Analysis of the Flow Characteristics of the Liquid Film on the Wall Surface of the Corrugated Plate Dryer Based on PSD Method: A Short Communication

Wang, Bo; Chen, Bowen; Ke, Bingzheng; Wang, Gongqing; Li, Ru; Wen, Jiming; Lu, Chuan; Tian, Ruifeng

doi:10.3389/fenrg.2020.00215

ORIGINAL RESEARCH article

Front. Energy Res., 07 September 2020
Sec. Nuclear Energy
Volume 8 - 2020 | https://doi.org/10.3389/fenrg.2020.00215

Analysis of the Flow Characteristics of the Liquid Film on the Wall Surface of the Corrugated Plate Dryer Based on PSD Method: A Short Communication

Bo Wang^1*

Bowen Chen¹

Bingzheng Ke¹

Gongqing Wang¹

Ru Li¹

Jiming Wen¹

Chuan Lu²

Ruifeng Tian^1*

¹Fundamental Science on Nuclear Safety and Simulation Technology Laboratory, Harbin Engineering University, Harbin, China
²Science and Technology on Reactor System Design Technology Laboratory, Nuclear Power Institute of China, Chengdu, China

Corrugated plate dryer is an important steam-water separation equipment in steam generator of secondary loop of nuclear power plant. Its steam-water separation efficiency has a certain influence on economic index of nuclear power plants. It is meaningful to understand flow characteristics of liquid film on corrugated plate wall. Besides, the fluctuation of the liquid film may cause the occurrence of liquid film rupture, thus the research on the fluctuation of the liquid film on the wall of the corrugated plate is very important. This paper uses Plane laser induced fluorescence (PLIF) method to measure liquid film thickness. Curve of film thickness with time is obtained. Calculation formula of average value of liquid film thickness is given. Based on power spectral density (PSD) method, non-linear characteristics of liquid film thickness are studied. Results show that the relationship between film thickness and Reynolds number conforms to Nusselt theory. Nevertheless, the results show deviation from Nusselt as well as Karapantsios estimation. When Reynolds number is in the range of 600 to 3000 and surface roughness is 0.03, the fluctuation of the power spectrum of the liquid film thickness caused by gravity can be ignored, which provides a reference for study on steam-water separation.

Introduction

The corrugated plate dryer is an important device in the steam generator in the secondary loop of the nuclear power plant (Wang and Tian, 2019a; Wang et al., 2019, 2020a,b). The schematic diagram of its structure and the distribution of the phases inside the corrugated plate are shown in Figure 1. Its main parameters are the plate spacing d of the corrugated plate, the folded edge length L of the corrugated plate, the height H of the corrugated plate, and the folding angle θ. The main function of the corrugated plate dryer is to dry high-temperature and high-pressure steam. Therefore, it is important to understand the characteristics of liquid film flow and rupture in the corrugated plate dryer (Wang and Tian, 2019b; Chen et al., 2020a,b; Wang et al., 2020c). In 1916, Nusselt first proposed the analytical solution of laminar film condensation of pure steam. Some assumptions were made.

FIGURE 1

Figure 1. Structure of the corrugated plate dryer and the distribution of different phases in corrugated plate.

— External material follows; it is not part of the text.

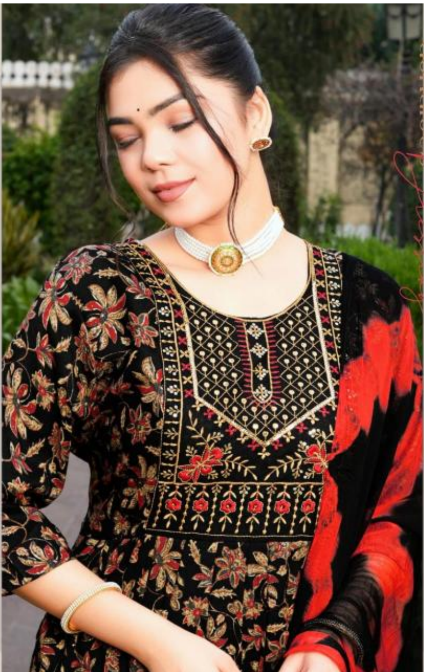
One is never over-dressed or under-dressed with a Little Orange Dress.
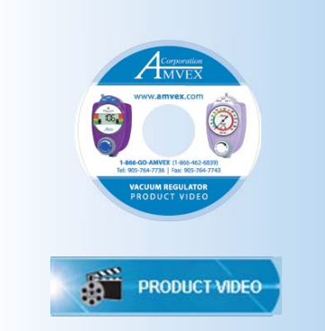
Visit WWW. amvex.com for the Vacuum Regulator product video and more!

Ask us or our distributor partners which type of vacuum regulator model best meets your patient population and needs.

(1) The liquid film is a two-dimensional laminar flow.

(2) Each physical property parameter is constant.

(3) The gas-phase medium is stationary, and the surface of the liquid film is smooth. The effect of gas on the liquid film flow is ignored.

The Nusselt’s theoretical equation between liquid film thickness h and Reynolds number is given in Eq. (1).

h = {(\frac{3}{4})}^{\frac{1}{3}} R e_{l}^{\frac{1}{3}} {(\frac{ν_{l}^{2}}{g})}^{\frac{1}{3}} (1)

Where μ_l is the dynamic viscosity of the fluid, m²s⁻¹.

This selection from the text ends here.